Laura Bispuri: the peacock and the freedom to love
Extended families, polyamory and unexpected life choices stand at the core of the chechovian The Peacock’s Paradise by Laura Bispuri, presented in the Orizzonti competition of the Venice Film Festival. After premiering twice in the Berlinale competition with Sworn Virgin and Daughter of Mine, Bispuri gets to Venice for the fist time. Produced by Vivo Film and Rai Cinema, in association with Colorado, in coproduction with Match Factory, the film’s structure resembles a theatre piece and shows a very free spirit in looking at a family gathering which progressively unveils the complexity of choices and sentiments.

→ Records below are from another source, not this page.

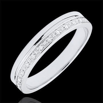 Una banda de oro blanco se combina con una banda de oro blanco salpicada de diamantes. Una alianza de matrimonio para mujer delicada y elegante.
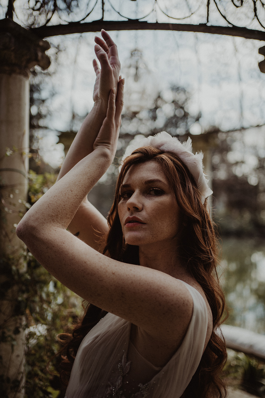 Un altro accessorio interessante è il tralcio a fascia, privo di supporto rigido e quindi particolarmente adattabile alla forma della testa o della acconciatura. Queste due fasce della Collezione Feuillage, in particolare, sono leggerissime e si possono fissare facilmente con forcine invisibili.
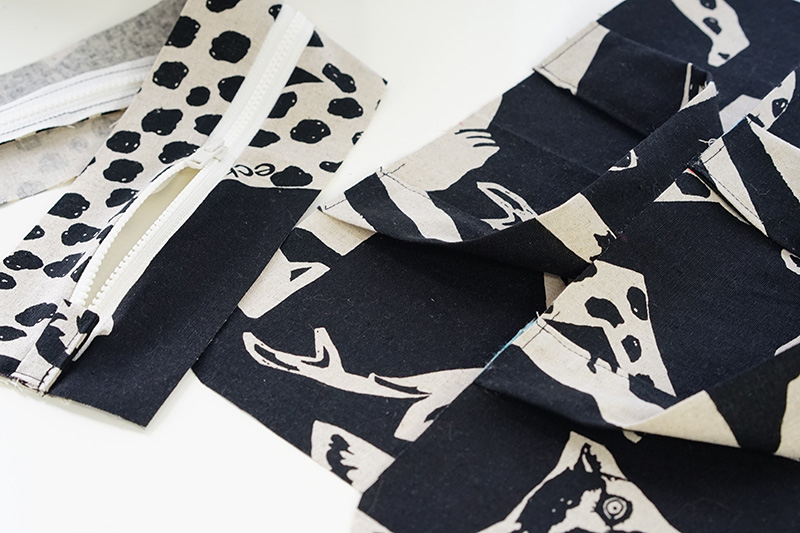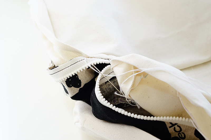 表袋と同様に裏袋を作ります。※ファスナーはつけず、ファスナーつけ位置の縫い代を裏側に折っておきます。
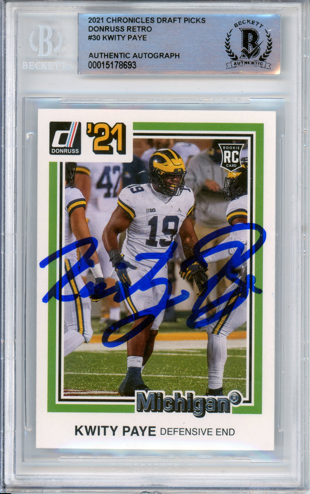Own a piece of football history with this 2021 Chronicles Draft Picks Retro #30 Kwity Paye RC BAS Autograph 10 sports trading card. This rare rookie card is hand-signed by Kwity Paye and professionally authenticated with a perfect 10 autograph grade by BGS, ensuring authenticity and top-tier collectible value.
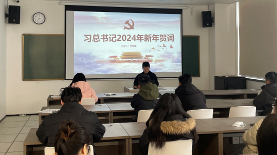 本次生活会由预备党员杜自豪带领大家学习《习总书记2024年新年贺词》。
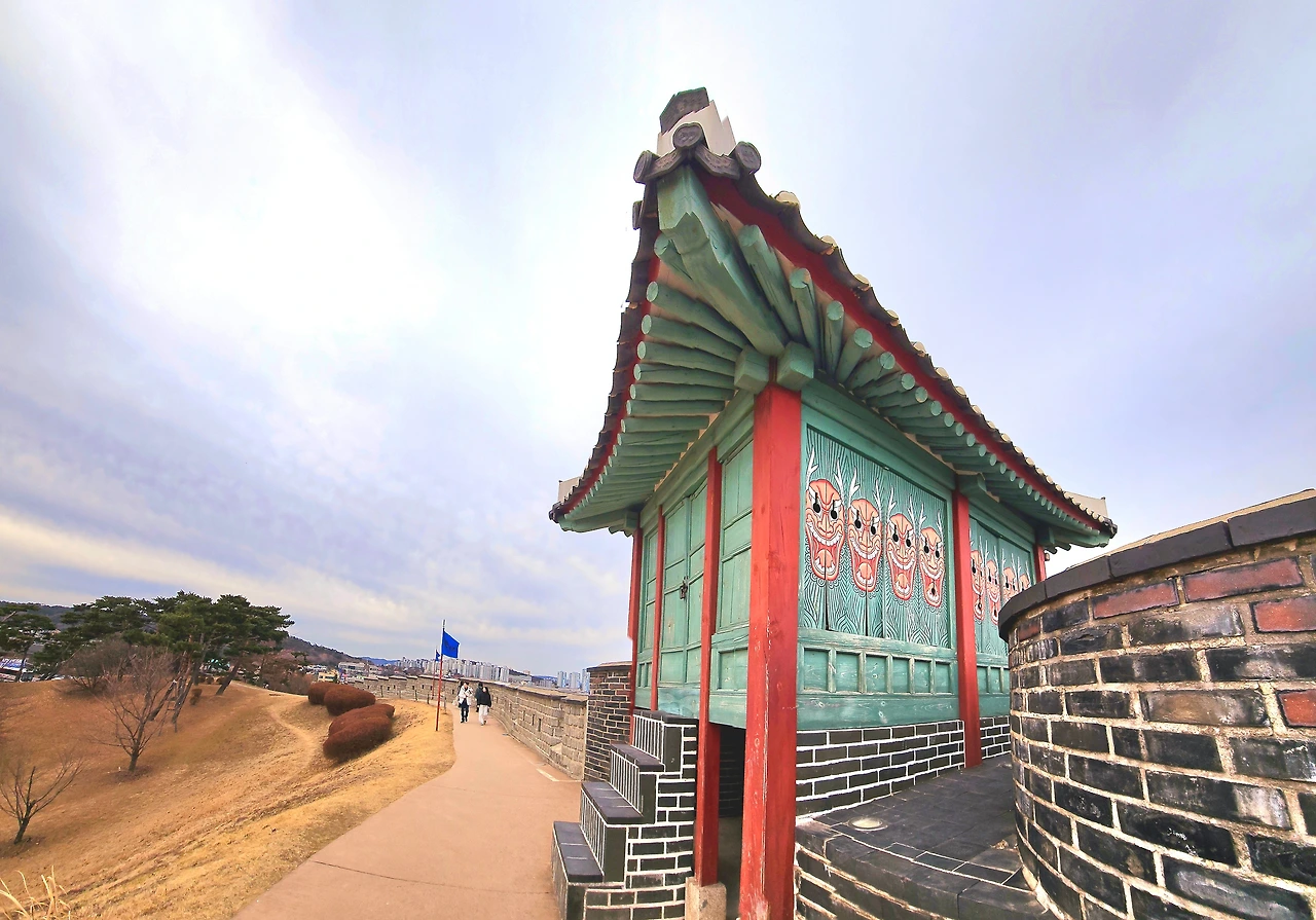 동북노대, '소라각'이라고도 불리는 동북공심돈 등을 지나며, 화성의 북문인 장안문 쪽으로 걸음을 옮긴다. '순시(巡視)'라는 한자가 적힌 푸른 깃발만 나부낄 뿐 병사들은 간 데 없고, 산책을 나온 시민들의 여유로운 발걸음만 성곽길을 채우고 있다.
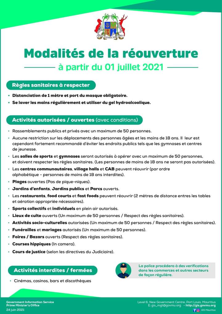 Retrouvez ci-dessous le communiqué sur les modalités de la réouverture à partir de ce 1er juillet :
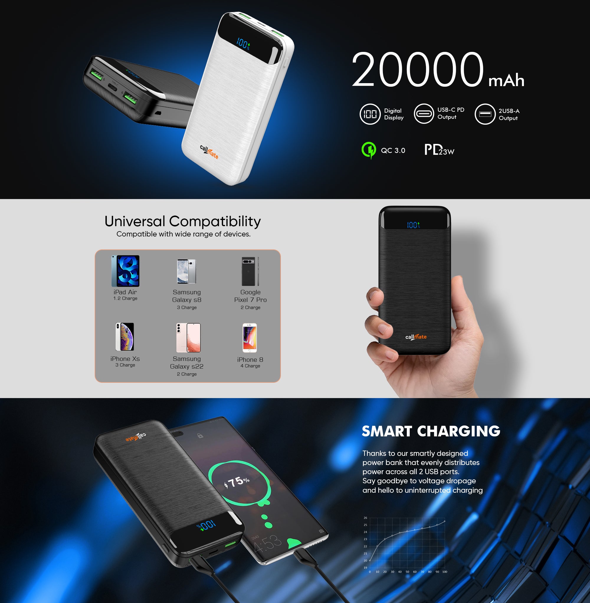 Powerful Battery Capacity: 20000mAh battery provides ample power to charge your devices multiple times.
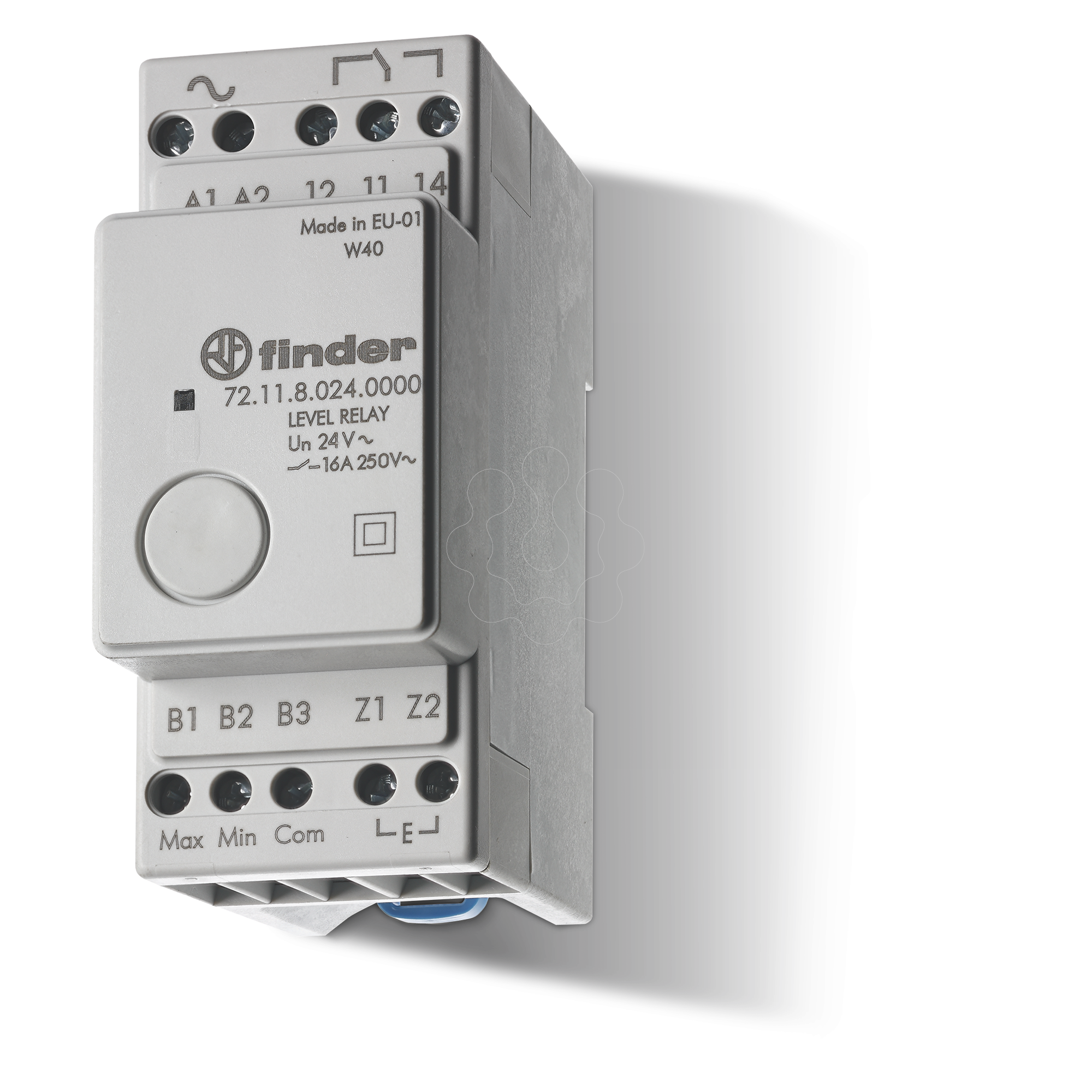 Relé de controle Nr.contato: 1 reversível Material dos contatos: AgCdO (A): 16 Tipo de tensão para atuação: AC Tensão de alimentação de corrente nominal de 50 Hz AC: 125 V. Com braçadeiras destacáveis: não Número de entradas de elétrodos: 3 Sensibilidade ajustável: não Acabamento da conexão elétrica: Terminal de parafuso Máx. tempo de atraso de operação permitido: 7 s. Princípio de medição física: Condutor Grau de proteção: IP 20
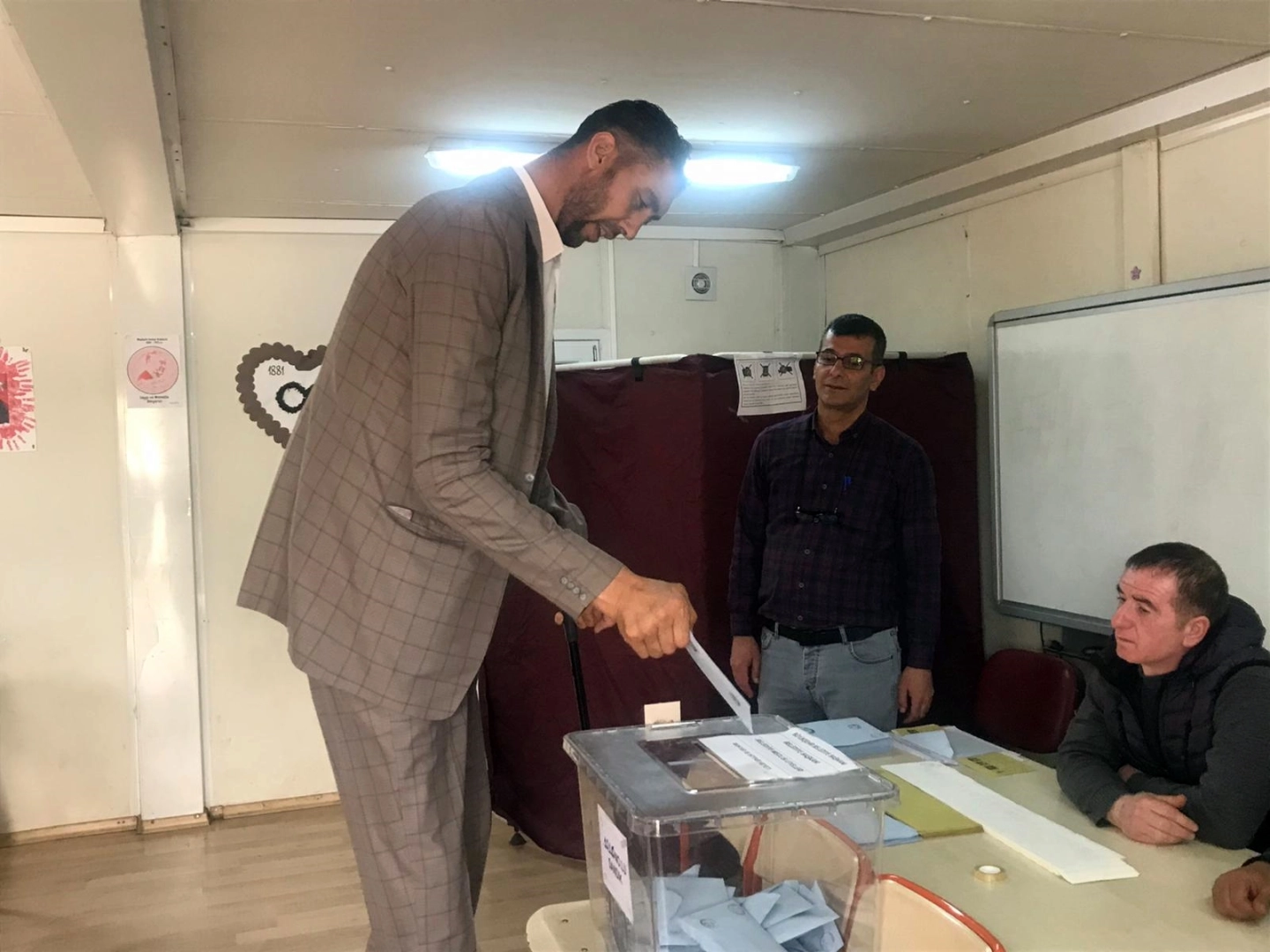 Emrullah KARAKAŞ/DERİK (Mardin), (DHA)- DÜNYANIN en uzun adamı olarak Guinness Rekorlar Kitabı'na giren 2 metre 51 santimetre boyundaki Mardinli Sultan Kösen, Derik ilçesine bağlı Kırsal Alibey Mahallesi’nde oyunu kullandı.2 metre 51 santimetre boyuyla dünyanın en uzun adamı olan Sultan Kösen, Mahalli İdareler Genel Seçimi’nde oyunu Derik’in kırsal Alibey Mahallesi’nin Kurudere mezrasındaki ilkokulda kullandı. Mahallenin Dede mezrasında yaşayan ve yürüme güçlüğü çeken Kösen, oy vermeye babası Abdulkadir ve kardeşi Şeyhmus ile geldi. 390 seçmenin bulunduğu 1010 numaralı sandığa oyunu atan Kösen, “Ülkemize ve milletimize hayırlı olsun” dedi. Kösen, oyunu kullandıktan sonra diğre seçmenlerle hatıra fotoğrafı çektirdi.Alibey Mahallesi Muhtarı Ali Acabek, “Sultan Kösen bizim köyde yaşıyor. İkinci seçimde de her ne kadar şartlarımız iyi olmasa da gelip oyunu kullandı. Vatanımıza ve milletimize hayırlı uğurlu olsun” diye konuştu.(DHA)
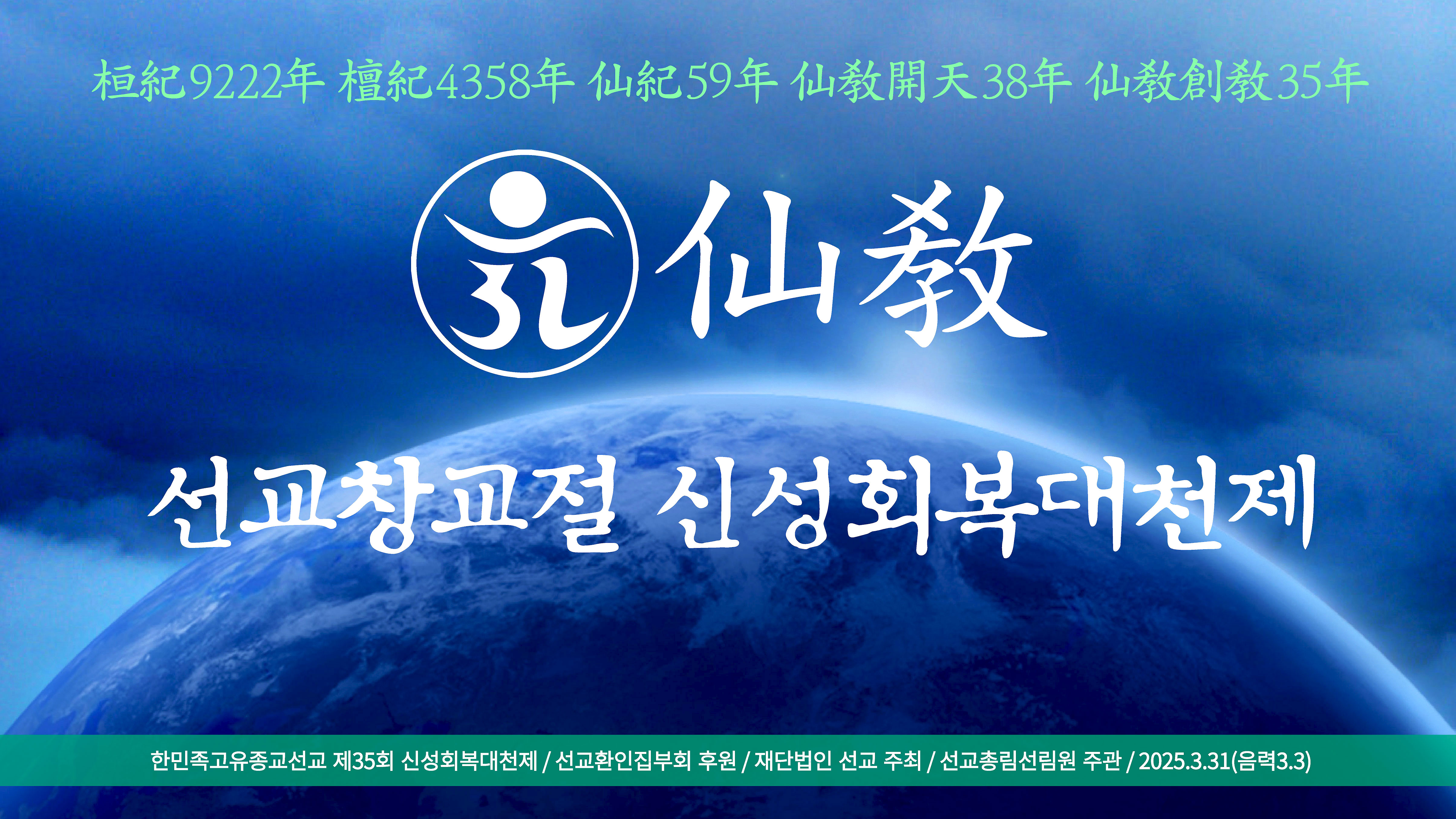 선교종단 재단법인 선교(仙敎)는 선교환인집부회(仙敎桓因慹父會) 후원 · 선교총림 선림원(仙林院) 주관으로 음력 3월 3일 선교창교일에 “선교 창교 34주년 신성회복대천제(神性回復大天祭)”를 봉행했습니다.
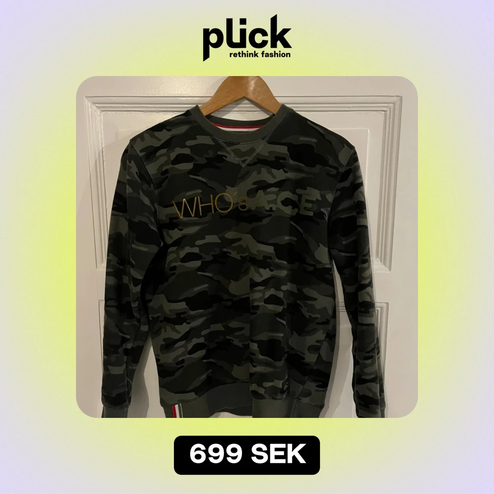 Säljer en cool camouflage tröja från WHO's A.C.E i storlek S. Tröjan är i bra skick och redo för nya äventyr!
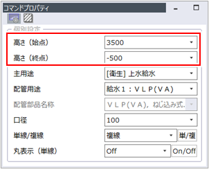 立管の終点の高さを入力します。 |
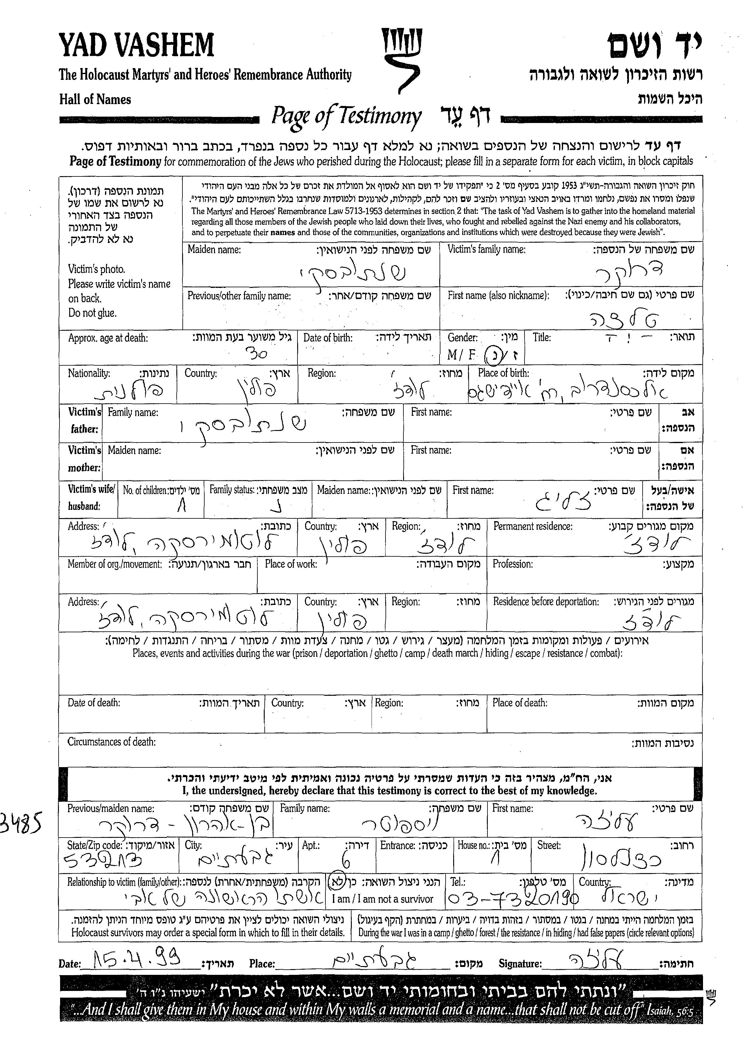 Yad Vashem - Pages of Testimony Names Memorial Collection

“The Peacock’s Paradise” follows Nena’s family, who reunite in their house by the sea to celebrate her birthday. Everybody is there: her husband Umberto, their children Vito and Caterina, cousin Isabella, their daughter-in-law Adelina, Caterina’s ex Manfredi with his new girlfriend Joana, their granddaughter Alma, and Lucia, the maid, with her daughter Grazia. Finally, there is Paco, Alma’s peacock, who surprisingly falls in love with a little painted dove: an impossible love that will force the whole family to reckon with their feelings.
Bispuri states: “The Peacock’s Paradise is a small journey into intimacy and the authenticity of the human beings: a film on an extended family where everybody talks to each other, but nobody really listens. Until an unexpected even forces the protagonists to show themselves for who they really are. And it’s like if their life suddenly turns into ours, a mirror of sentiments that makes us reflect on the complexity of human relationships, the mystery of loss, the thousand voices speaking within us, the importance of silence, our constant search for love.” The cast includes Dominique Sanda, Alba Rohrwacher, Maya Sansa, Carlo Cerciello, Fabrizio Ferracane, Leonardo Lidi, Tihana Lazovic, Maddalena Crippa.
Moving from a traditional family gathering, you unravel the complexity of unconventional relationships.
The film wishes to frame the nuances of the human soul like in a kaleidoscope. All ages are represented, all types of relationship. What surprises us most are the older characters, especially Nena who, behind a somewhat rigid and austere appearance, hides an extended life project.
This relationship between matriarch Nena, the husband and their maid Lucia unhinges the certainties of the group.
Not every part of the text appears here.